Showback and Chargeback
| Model | Definition | Effect |
|---|---|---|
| Showback | Each team sees their cost; no internal billing | Awareness; weak incentive |
| Chargeback | Each team's cost deducts from their budget | Strong incentive; can create friction |
| Hybrid | Showback by default; chargeback above a threshold | Most common in mid-size orgs |
Start with showback. The first time a team sees "your service costs $40k/month" they'll find optimizations on their own. Chargeback creates real incentive but also creates gaming ("we'll just use the central platform team's resources") — only introduce when the org is mature enough.
Rightsizing Loops
Rightsizing isn't a one-time event; it's a loop:
┌─> Measure utilization (CPU, mem, IOPS, network)
│ │
│ v
│ Identify oversized resources (utilization < 40%)
│ │
│ v
│ Propose change (downsize / consolidate)
│ │
│ v
│ Apply (off-peak, with rollback ready)
│ │
│ v
└── Verify (no perf regression, no on-call wakeups)For VMs: AWS Compute Optimizer, Azure Advisor, GCP Recommender. For K8s: Goldilocks (VPA recommendations) or Kubecost rightsizing.
Cadence: top 10 most expensive workloads, every quarter. Trying to rightsize everything burns engineer time on micro-savings.
Commitment Strategy
Cloud providers give big discounts for commitment:
| AWS Construct | Discount | Commitment | Best for |
|---|---|---|---|
| Compute Savings Plan | up to 66% | 1-3 years, any instance family/region | Steady compute baseline |
| EC2 Instance Savings Plan | up to 72% | 1-3 years, specific family | Predictable workloads |
| Reserved Instances (RI) | up to 75% | 1-3 years, specific config | Legacy; SP usually better |
| Spot Instances | up to 90% | Can be reclaimed in 2 min | Fault-tolerant workloads |
A practical strategy:
- Baseline coverage: Compute Savings Plan for ~70% of steady-state usage (1-year, no upfront).

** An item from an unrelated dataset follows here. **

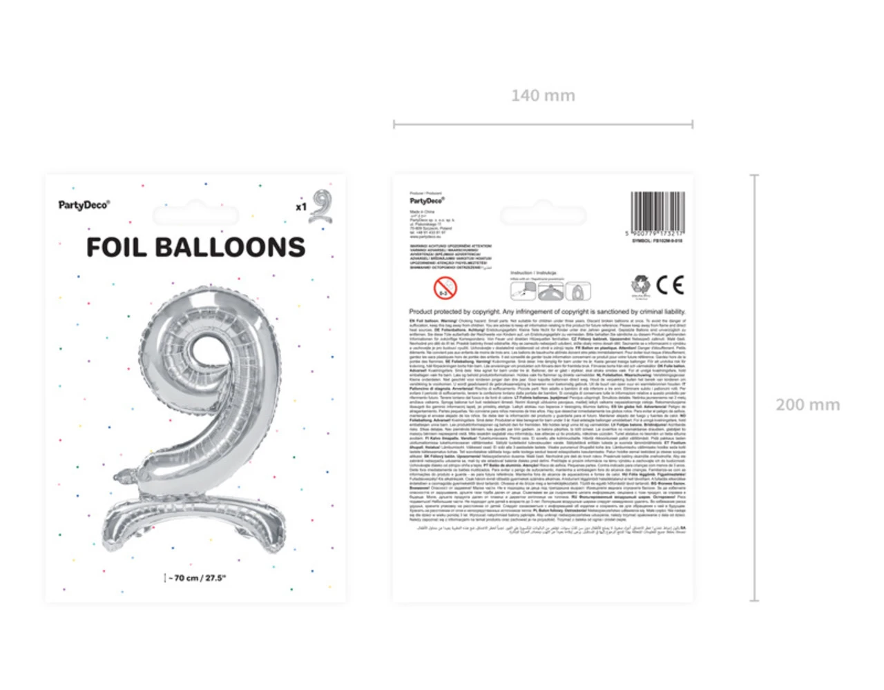 Metallic staande folieballon Nummer ”9” in zilverkleur, afmeting voor opblazen ca. 90 cm (35”), afmeting na opblazen ca. 70 cm (27,5”). Opblazen met lucht.

- Burst on-demand: Above baseline runs at full price; that's fine, it's bursty.
- Spot for batch & stateless: Karpenter on AWS, Spot.io across clouds.
- Re-evaluate quarterly as baseline shifts.
Don't over-commit. A 3-year RI for a service that gets deprecated in 18 months is worse than on-demand.
Spot / Preemptible Usage
Spot instances can be reclaimed at 2 minutes' notice but cost 60-90% less. Good targets:
- Batch jobs (data pipelines, ML training, CI runners)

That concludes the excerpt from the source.